Hand back, word for word, the lines from the one containing "附注:支付完费用,务必添加张" to the end of the records, both included, and leave out pictures.

→ Stored data
┏━━
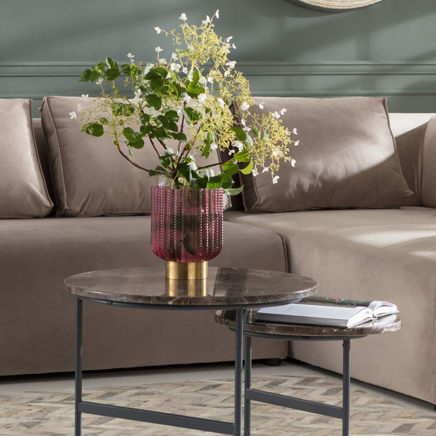 Onze Barfly vazen combineren de zachtheid van getint glas met een zorgvuldig bewerkte reliëfstructuur. Een gouden ring geeft het geheel een elegante touch.
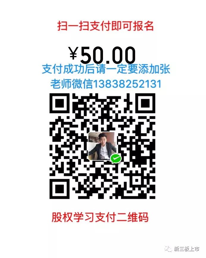 附注:支付完费用,务必添加张老师微信,预约课程学习,老师会在第一时间通过,同时邀请进入股权学习群!预祝学习愉快!
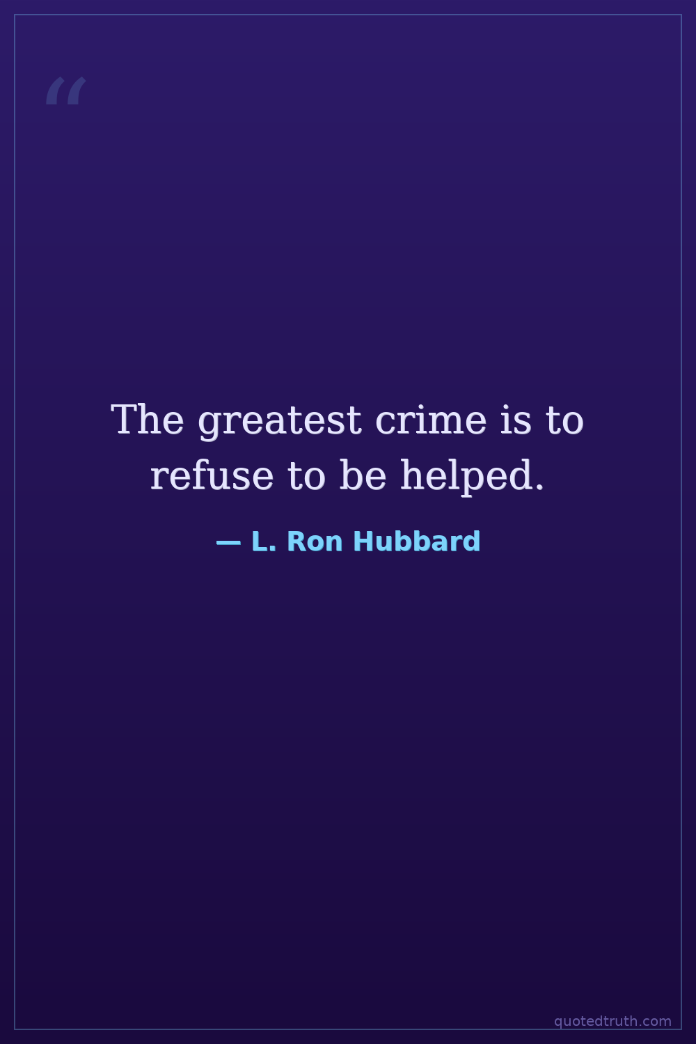 The greatest crime is to refuse to be helped.
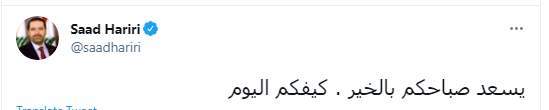 كما أكد سعد الحريري على ذلك اليوم الاحد، بنشره تغريدة يلقي فيها بتحية الصباح على اللبنانيين ويسألهم عن حالهم.
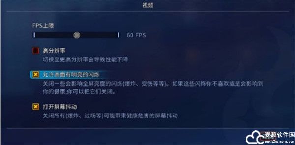 可选择更改FPS上限为30帧、60帧及无限制;
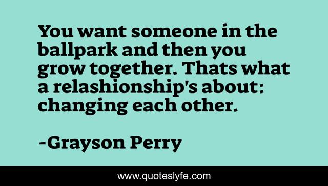 This page presents the quote "You want someone in the ballpark and then you grow together. Thats what a relashionship's about: changing each other.". Author of this quote is Grayson Perry. This quote is about love, relashionship, marriage, affection,.
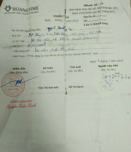 Theo nội dung trên phiếu “Đăng ký mua căn hộ" số: 21/GM-HVL, được ký ngày 8/3/2016, cho thấy, chỉ có mối quan hệ giữa khách hàng là chị Nguyễn Phương H và đơn vị cung cấp dịch vụ là công ty CP đầu tư và thương mại Hoàng Vinh, không hề có sự dính dáng của bất kỳ đơn vị nào khác. Việc ông Trịnh Xuân Minh, PTGĐ công ty “lôi kéo” chủ đầu tư (Công ty CP XNK tổng hợp Hà Nội) và Hội quán Bất động sản vào để giải thích cho việc “găm” 17.500.000 đồng tiền đặt cọc của khách hàng là rất phi lí.
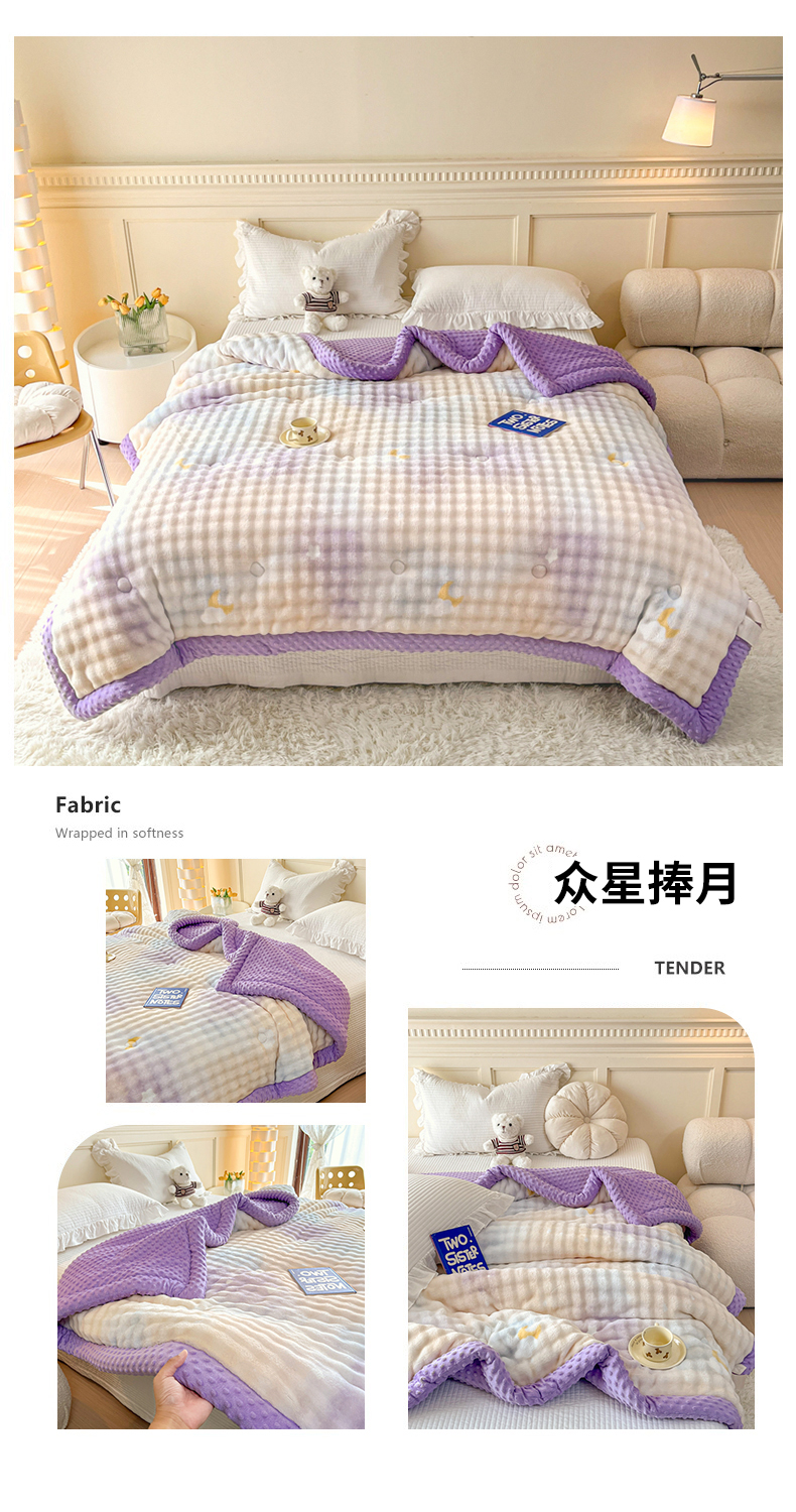 • 91家纺网 家纺一手货源 找家纺 优雅星家纺 2026新款亲肤舒适兔毛绒豆豆绒冬被 众星捧月舞(老花型)
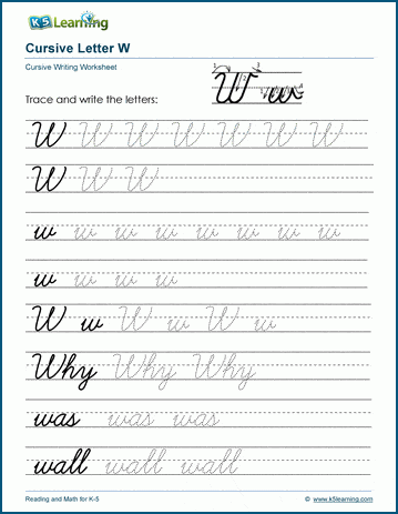 Students practice writing the letter "W" in upper and lower case in these printable cursive writing worksheets.
┗━━
→ Result for this exercise
 附注:支付完费用,务必添加张老师微信,预约课程学习,老师会在第一时间通过,同时邀请进入股权学习群!预祝学习愉快!
 The greatest crime is to refuse to be helped.
 كما أكد سعد الحريري على ذلك اليوم الاحد، بنشره تغريدة يلقي فيها بتحية الصباح على اللبنانيين ويسألهم عن حالهم.
 可选择更改FPS上限为30帧、60帧及无限制;
 This page presents the quote "You want someone in the ballpark and then you grow together. Thats what a relashionship's about: changing each other.". Author of this quote is Grayson Perry. This quote is about love, relashionship, marriage, affection,.
 Theo nội dung trên phiếu “Đăng ký mua căn hộ" số: 21/GM-HVL, được ký ngày 8/3/2016, cho thấy, chỉ có mối quan hệ giữa khách hàng là chị Nguyễn Phương H và đơn vị cung cấp dịch vụ là công ty CP đầu tư và thương mại Hoàng Vinh, không hề có sự dính dáng của bất kỳ đơn vị nào khác. Việc ông Trịnh Xuân Minh, PTGĐ công ty “lôi kéo” chủ đầu tư (Công ty CP XNK tổng hợp Hà Nội) và Hội quán Bất động sản vào để giải thích cho việc “găm” 17.500.000 đồng tiền đặt cọc của khách hàng là rất phi lí.
 • 91家纺网 家纺一手货源 找家纺 优雅星家纺 2026新款亲肤舒适兔毛绒豆豆绒冬被 众星捧月舞(老花型)
 Students practice writing the letter "W" in upper and lower case in these printable cursive writing worksheets.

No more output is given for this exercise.